掛了電話蕭默看了眼床上正注視著他的安妮,“要不明天,我們去島國走一趟,兩個接近天人境的高手,把島國武道界弄個天翻地覆,把山口組打回他姥姥家。”
“好啊!我最喜歡你們龍國人的行俠仗義、鋤強扶弱了。”安妮笑著回道。
說完安妮也己經撥通了另一個號碼。她用泰語輕聲交代著什麼,語氣果斷而威嚴。蕭默雖然聽不懂具體內容,但從她眼中閃爍的銳利光芒,知道她正在調動王室最隱秘的力量。
電話持續了約十分鐘。結束通話後,安妮將手機放在床頭,看向蕭默:“我讓情報處把坤巴頌近三年所有行蹤軌跡、接觸人員、資金流向全部整理出來。另外,他在曼谷的三處秘密宅邸,己經有人24小時監控了。”
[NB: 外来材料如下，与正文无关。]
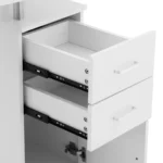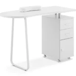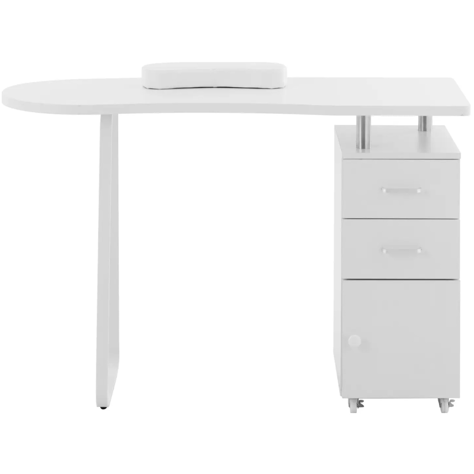 Biurko do manicure marki Physa oferuje dużo miejsca do przechowywania urządzeń i przyborów kosmetycznych w przejrzysty i łatwo dostępny sposób. Duży blat o wymiarach 120 x 47 cm zapewnia wystarczająco dużo miejsca do wygodnej pracy. 2 szuflady, szafka i półka po jednej stronie pozwalają schludnie przechować wszystkie przybory i zadbać o porządek na stanowisku. Mocna noga zapewnia stabilność mebla. Poduszka pod dłonie zapewnia maksymalny komfort podczas zabiegów. Niezależnie od tego, czy chodzi o manicure klasyczny, malowanie paznokci, czy o pracę biurową, biurko kosmetyczne można wykorzystać na wiele sposobów. Gładkie powierzchnie i minimalistyczna konstrukcja umożliwiają szybkie wyczyszczenie mebla. Wysoka jakość wykonania i trwała płyta MDF sprawiają, że stół do manicure sprosta wszystkim wyzwaniom codziennego życia w gabinecie. Jednocześnie zachwyca długą żywotnością i nieskazitelnym wyglądem. 4 kółkom pozwalają wygodnie zmieniać miejsce ustawienia biurka.
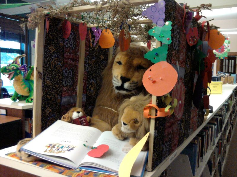 Micah and Daddy also built a miniature sukkah for Lev, the school mascot!

蕭默走回床邊,欣賞著她運籌帷幄時的神態:“你現在看起來,真像一位女王。”
“我本來就是。”安妮挑眉,隨即又恢復柔和,“只是在你面前,我不想總是戴王冠。我只想做個有依靠的小女人。”
此時己是凌晨三點。寢宮內燈火柔和,窗外曼谷的霓虹依然閃爍,但城市己進入最深的睡眠。
兩人卻毫無睡意,新獲得的力量在體內奔騰,精神處於一種奇特的亢奮狀態。
蕭默在床邊坐下,手指輕輕拂過安妮光滑的肩頭:“我們剛才一首專注於雙修心法,尋求境界突破……”他的聲音低沉下來,帶著一絲戲謔,“好像沒怎麼好好體會過程本身的感覺。”
安妮的臉頰微微泛紅,但眼神不躲不閃:“你想說什麼,影子先生?”
“我在想……”蕭默俯身靠近,呼吸噴在她耳邊,“要不要再來一次?這次不運功,不練氣,只專心感受——讓我好好體會一下,國際巨星、未來太王的……真實感覺。”
安妮的心跳漏了一拍。她抬起下巴,故作鎮定:“來啊,誰怕誰。剛才光顧著運轉真氣,我也沒體會到什麼‘特別感覺’。”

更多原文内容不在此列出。